Pusat kota Palangka Raya berjarak sekitar 13 kilometer dari Bandara Tjilik Riwut, yang makan waktu lebih kurang 20 menit perjalanan dengan melintasi jalan arteri nan lengang. Jalanan Palangka Raya memang sepi. Keramaiannya tersentral di jalan-jalan utama, macam Jalan Tjilik Riwut, Jalan Imam Bonjol, Jalan Yos Sudarso, dan Jalan Ahmad Yani.

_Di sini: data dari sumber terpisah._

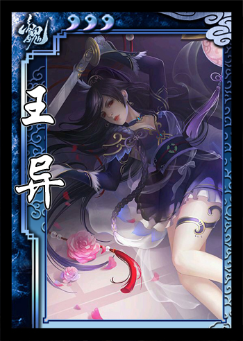 王异是益州刺史赵昂的妻子,为人节烈不屈,为时人所称赞。曾协助丈夫抵抗马超,并助其制定奇计九条。在三国杀中,王异是一个集辅助和防御于一身的卖血流武将。“贞烈”能够通过卖血来保护自己的关键牌,也能使自己免受【杀】的伤害来防止敌人通过【杀】相关的技能来获得更多收益。“秘计”在体力值越低时越能提供额外的摸牌,与“贞烈”的主动卖血有紧密的配合。
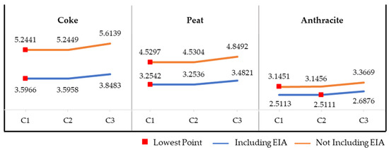 The payback periods for Configurations 1, 2, and 3 are 5.66 months, 5.73 months, and 6.15 months, respectively. The lowest payback period was achieved with Configuration 1, which provided the fastest return on investment, at 5.66 months. Therefore, Configuration 1 is the most economical. From the point of view of the environment, producing steam by burning fossil fuels or multiple fuels in a boiler generates waste products during combustion, including SOX, NOX, and CO2, which are harmful to the environment [50]. The revenue implied by carbon dioxide is considered to be equal to the reduction in environmental damage caused by reducing steam consumption to an extent equal to that of the decrease in CO2 emissions. Therefore, when considering environmental impact, the configuration with the lowest payback period may change. The payback period taking into consideration environmental impact uses Equation (4), and the results are shown in Figure 6 as a line graph. The payback periods for Configurations 1, 2, and 3 are 4.49 months, 4.54 months, and 4.87 months, respectively. The lowest payback period is achieved with Configuration 1, which, at 4.49 months, provides the fastest return on investment. Therefore, Configuration 1 is still the most economical in terms of the economic assessment. However, when the payback period takes the steam source into consideration, this can change.

Kacamata statistik kian tunjukkan Palangka Raya yang lengang. Kota berusia 60 ini punya luas sekitar 2.800 kilometer persegi, dengan tingkat kepadatan penduduk hanya 91 jiwa per kilometer persegi. Angka tersebut jomplang bila disandingkan dengan Jakarta yang kepadatannya lebih dari 15.000 jiwa per kilometer persegi.
Maklum, sebagian wilayah Palangka Raya berupa hutan, gambut, dan perkebunan. Saking sepinya, warga lokal punya pemeo yang menyebut kode "KH" pada pelat nomor wilayah Kalimantan Tengah memiliki kepanjangan "Kurang Hiburan".
Laiknya kota-kota di Kalimantan, Palangka Raya juga dilintasi sungai besar: Sungai Kahayan.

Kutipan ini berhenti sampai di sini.